1. During the day, shine each light on the ceiling of your kitchen, no electric lights on. Notice the 6000k looks not very blue, but the 3000k looks very orange.

2. At night, shine each light on the ceiling of your kitchen, this time with electric incandescent lights on. Notice the 6000k now looks very blue, while the 3000k no longer seems very orange.
…

Iow, our brain sets its white balance to the environment (this adaptation takes 30 minutes). A flashlight that matches the white balance of the environment will look most similar to what the brain is white balanced to at the time.

So, 6000k is best when the brain is adapted to 6000k, and 3000k is best when the brain is adapted to 3000k.
…

Additional observations I have made. A flashlight will seem “brighter”, if it is a higher color temperature than the brain is white balanced to at the time. And, a flashlight will seem “dimmer” if it is a lower color temperature than the environment the brain is white balance adapted to, at the time.
…

Another example
Wake up in the middle of the night in full dark. Use a 3000k light to avoid obstacles on the floor. This temperature will be relaxing, and it will be easier to go back to sleep.

Now try a 6000k light, notice it seems very blue, glaring, and makes it harder to get back to sleep.

Now reading a book in full darkness, the 3000k will be more pleasant, the 6000k will be more glaring.

Then reading a label on a soup can in a supermarket, the 3000k will suck, and the 6000k will work better
…

Bottom line is our brain changes its white balance in response to the ambient light. Our flashlights will differ or match our brain adaptation to cool or warm light. A flashlight that approximates the white balance of the brain at the time, will look closest to what the brain is adapted to at the time
…

therefore,
during the day, I prefer a cooler light. At night, I prefer a warmer light.

IF I had to only choose one light, I would choose 4500k… it will be more orange than sunlight, but not as bad as 3000k. And the 4500k light will be more blue than incandescent, but not as bad as 6000k.
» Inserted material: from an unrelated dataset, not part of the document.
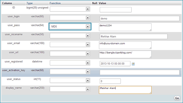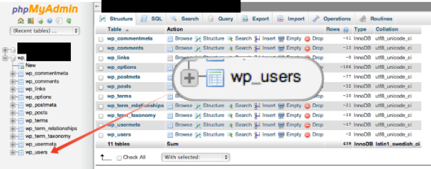 — Browse to your website database wp_users table

Therefore, the 4500k is sort of a least bad of both worlds :-), its an average…

I have a 3000k light on my nightstand, a 6000k light in my car, and a 4500k light in my pocket

or…

vs 

That’s a great explanation jon_slider!

So I need a flashlight with color settings

Yes, choices are good

As a general rule of thumb, the more Ks you have the cooler it is. 8^)

Example : All of ma friends says 4K TVs are cooler than 2K TVs

If you have the same LED. Say example, Cree XP-L2. It will be able to produce more lumens at 6500k than the same LED at 3000k. Tint preference does not depict color actualization. That is determined by CRI. It’s just some people like Coke and some like Pepsi. Except Coke doesn’t fill their cans as full.